Published online by Cambridge University Press: 22 September 2009
Introduction
This chapter investigates how the transmission of information determines collective behaviour in coordination games. Pre-play communication should help players to avoid coordination failures. Furthermore, transmission of information should help players to optimize their collective behaviour. Does this mean that pre-play communication guarantees successful coordination? Moreover, does pre-play communication favour Pareto-optimal Nash equilibria in the underlying game?

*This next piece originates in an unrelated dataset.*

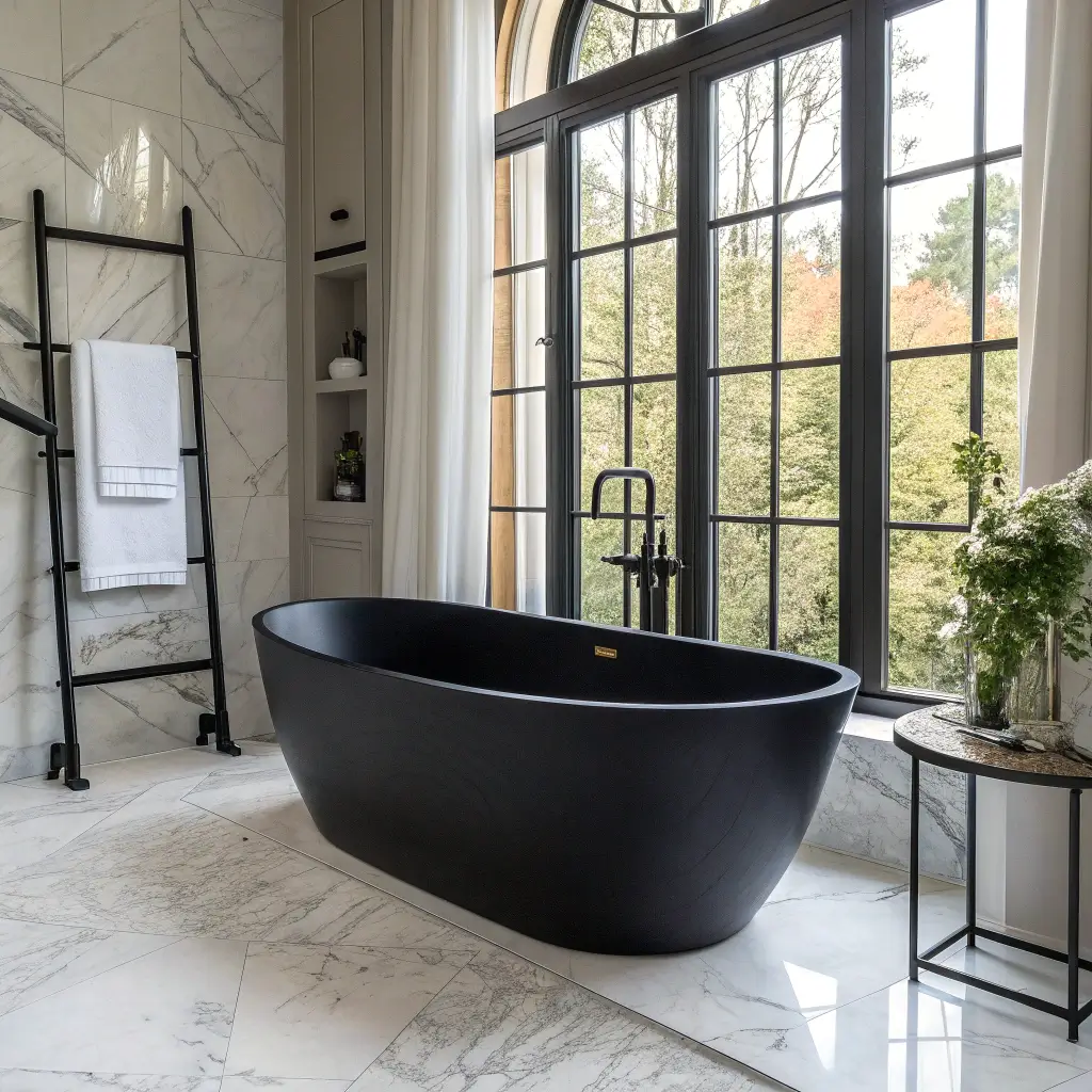 My dream tub is this matte black clawfoot number I saw at a design showroom. The price tag made me cry a little, but the impact? Absolutely worth saving up for. Black tubs work especially well in bathrooms with lots of natural light, where the dark surface creates dramatic shadows throughout the day.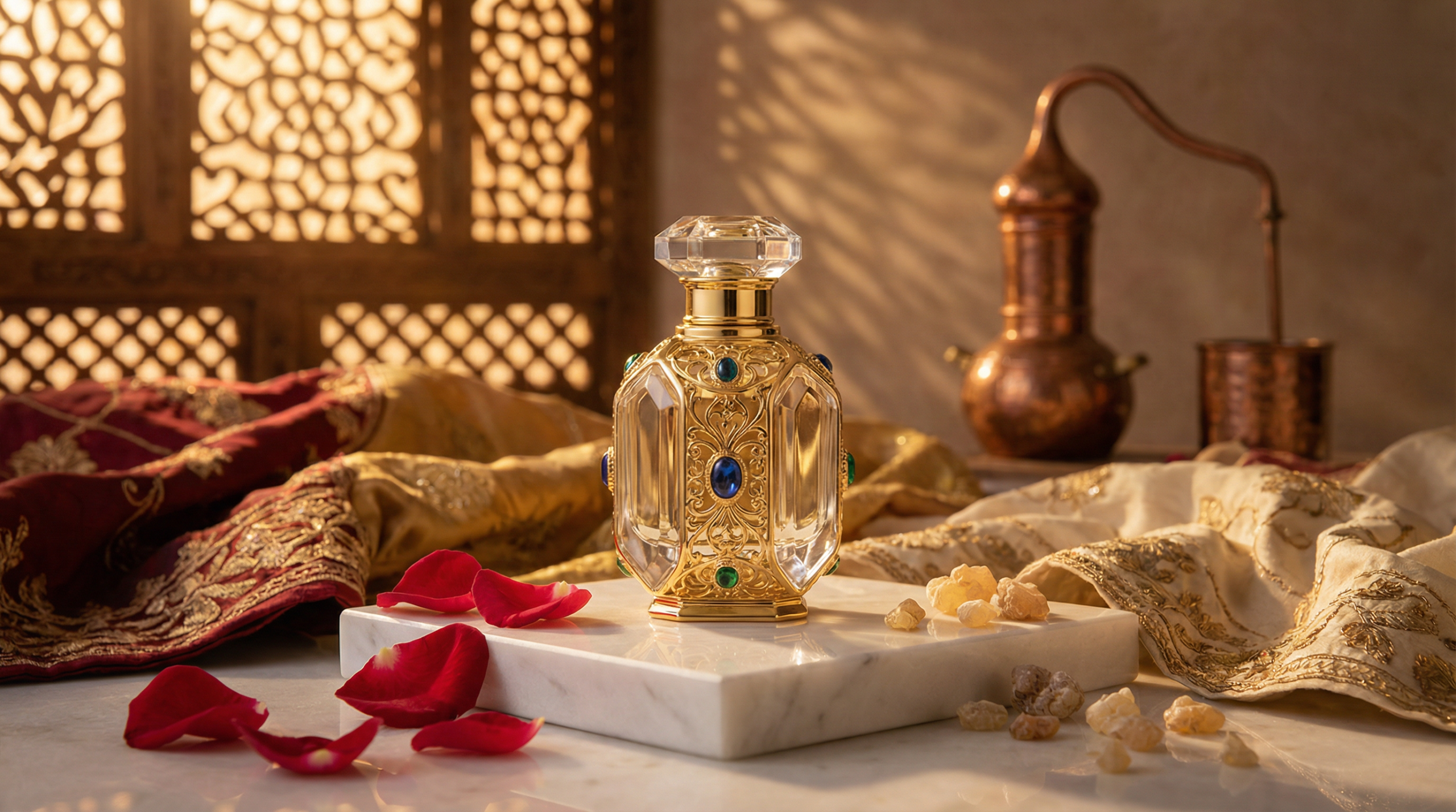 Historical texts describe ghaliya, an opulent paste perfume blending ambergris, musk, saffron, sandalwood, and rose. Unlike simple oil blends, ghaliya required months of maceration, with ingredients ground in marble mortars and aged in sealed containers. Royal households employed dedicated perfumers who guarded their specific ratios jealously. This tradition faded as ingredient costs soared—genuine ambergris and natural musk became prohibitively expensive for all but the wealthiest families.

Most coordination games that are studied in the game-theoretic literature exhibit multiple strict Nash equilibria. While intuition might suggest that players should be able to coordinate in a Pareto-optimal equilibrium, the traditional refinements in game theory fail to select an efficient outcome. Still worse, they even fail to select a unique outcome. All strict equilibria survive even the strongest refinements. This conflict between intuition and formal analysis has given birth to several efforts among game theorists.
The first approach allows agents to send costless pre-play signals before they choose actions. This costless pre-play communication is called cheap talk. Unfortunately, cheap talk does not help players to coordinate in the efficient outcome. There exist equilibria in which players have decisions rules that are constant and therefore unaffected by the message received from the other players (cf. Weibull, 1995, p. 61). Hence, both problems of coordination, i.e. the problem of equilibrium selection and the problem of social inefficiency, remain unsolved.